The material beneath this line should be printed exactly, with its pictures omitted.

- _Supplied data_
--*--

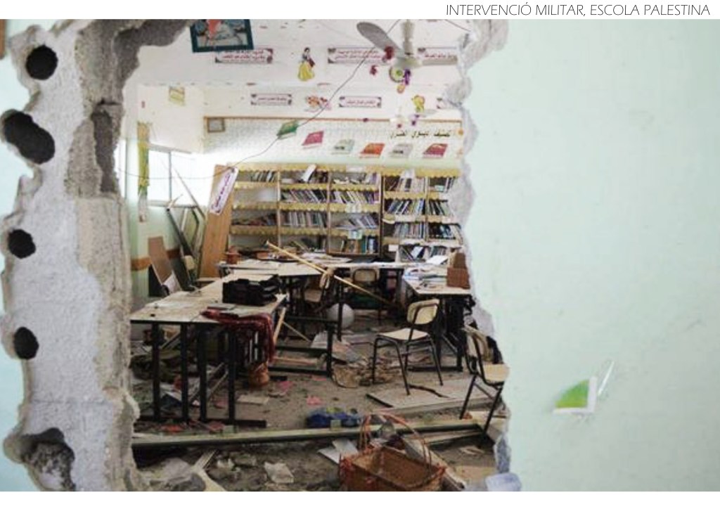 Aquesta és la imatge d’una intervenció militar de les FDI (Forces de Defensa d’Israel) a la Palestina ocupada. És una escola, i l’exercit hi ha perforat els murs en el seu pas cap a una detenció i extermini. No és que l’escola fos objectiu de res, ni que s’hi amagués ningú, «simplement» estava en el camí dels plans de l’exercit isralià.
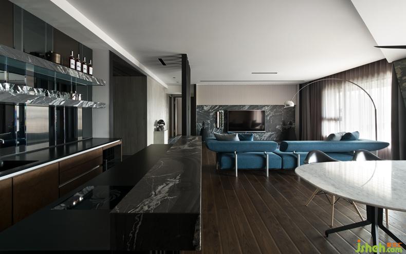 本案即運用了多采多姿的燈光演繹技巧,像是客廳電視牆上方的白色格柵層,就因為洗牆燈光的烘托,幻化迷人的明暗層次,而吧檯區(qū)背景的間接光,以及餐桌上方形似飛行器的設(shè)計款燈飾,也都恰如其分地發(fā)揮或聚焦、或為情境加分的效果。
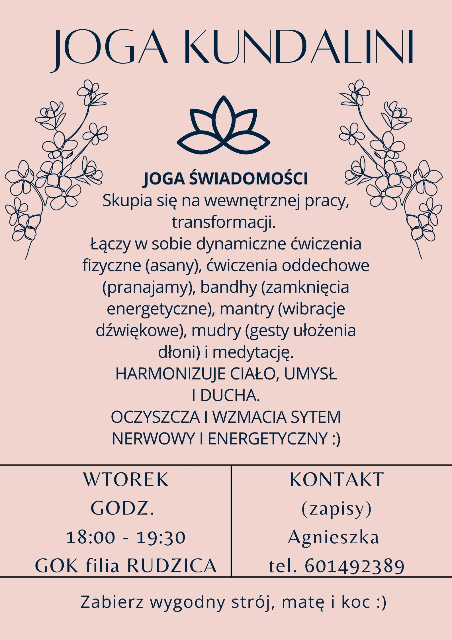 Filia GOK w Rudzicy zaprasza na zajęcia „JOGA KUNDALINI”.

--*--

- _Response to this exercise_
 Aquesta és la imatge d’una intervenció militar de les FDI (Forces de Defensa d’Israel) a la Palestina ocupada. És una escola, i l’exercit hi ha perforat els murs en el seu pas cap a una detenció i extermini. No és que l’escola fos objectiu de res, ni que s’hi amagués ningú, «simplement» estava en el camí dels plans de l’exercit isralià.
 本案即運用了多采多姿的燈光演繹技巧,像是客廳電視牆上方的白色格柵層,就因為洗牆燈光的烘托,幻化迷人的明暗層次,而吧檯區(qū)背景的間接光,以及餐桌上方形似飛行器的設(shè)計款燈飾,也都恰如其分地發(fā)揮或聚焦、或為情境加分的效果。
 Filia GOK w Rudzicy zaprasza na zajęcia „JOGA KUNDALINI”.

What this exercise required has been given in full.